Reshaping Data with tidyr
Transform almost any dataset into a tidy format to make analysis easier.
Course Description
Data in the wild can be scary—when confronted with a complicated and messy dataset you may find yourself wondering, where do I even start? The tidyr package allows you to wrangle such beasts into nice and tidy datasets. Inaccessible values stored in column names will be put into rows, JSON files will become data frames, and missing values will never go missing again. You’ll practice these techniques on a wide range of messy datasets, learning along the way how many dogs the Soviet Union sent into space and what bird is most popular in New Zealand.

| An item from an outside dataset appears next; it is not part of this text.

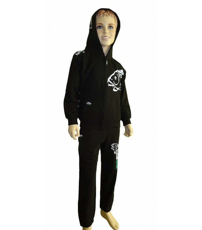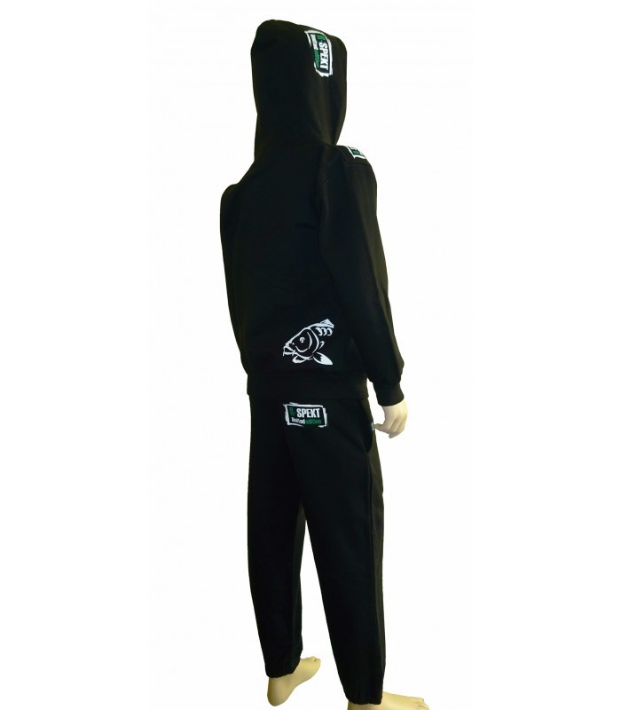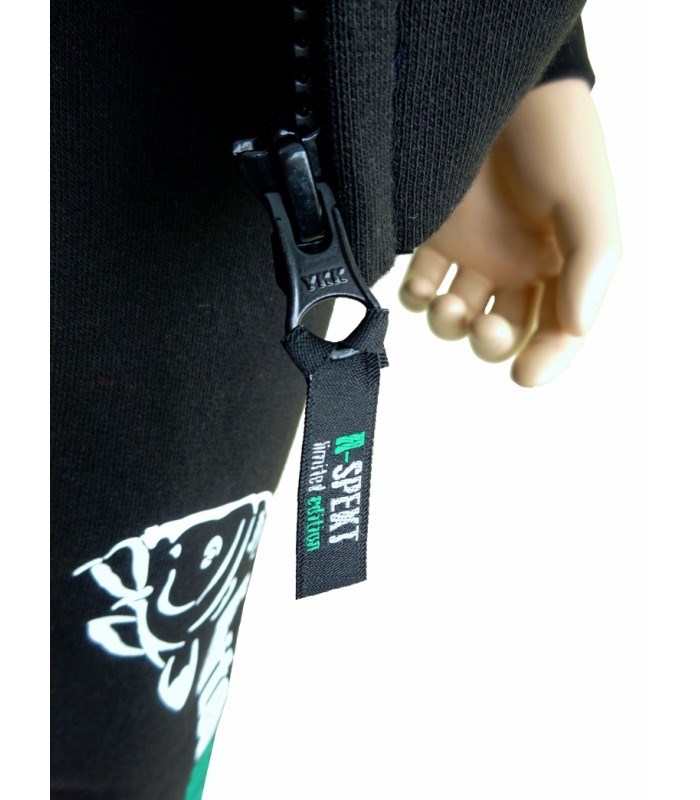 Dětská mikina nabízí rozepínání vpředu klasickým spirálovým zipem, čímž je docíleno maximální jednoduchosti a pohodlí při jejím oblékání. Mikina má také dvě boční klokaní kapsy a praktickou kapuci pro dokonalou ochranu hlavy. Pas a rukávy mikiny jsou zakončeny širokými pružnými náplety, které dokonale ochrání dětské tělo v chladnějším počasí. Tepláky mají v pase také široký pružný náplet, díky němuž nepadají dolů, dále dvě velké postranní kapsy a spodní lemy nohavic, které obepínají pružné gumy. Dětem udělá jistě také radost množství atraktivních tisků v podobě motivů kapra a log značky R-SPEKT limited edition na obou součástech této soupravy.

With the tidyr package in your tidyverse toolkit, you’ll be able to transform almost any dataset in a tidy format which will pay-off during the rest of your analysis.
What You’ll Learn
Tidy Data
You’ll be introduced to the concept of tidy data which is central to this course. In the first two lessons, you’ll jump straight into the action by separating messy character columns into tidy variables and observations ready for analysis. In the final lesson, you’ll learn how to overwrite and remove missing values.
Expanding Data
Values can often be missing in your data, and sometimes entire observations are absent too. In this chapter, you’ll learn how to complete your dataset with these missing observations. You’ll add observations with zero values to counted data, expand time series to a full sequence of intervals, and more!
From Wide to Long and Back
This chapter is all about pivoting data from a wide to long format and back again using the pivot_longer() and pivot_wider() functions. You’ll need these functions when variables are hidden in messy column names or when variables are stored in rows instead of columns. You’ll learn about space dogs, nuclear bombs, and planet temperatures along the way.
Rectangling Data
In the final chapter, you’ll learn how to turn nested data structures such as JSON and XML files into tidy, rectangular data. This skill will enable you to process data from web APIs. You’ll also learn how nested data structures can be used to write elegant modeling pipelines that produce tidy outputs.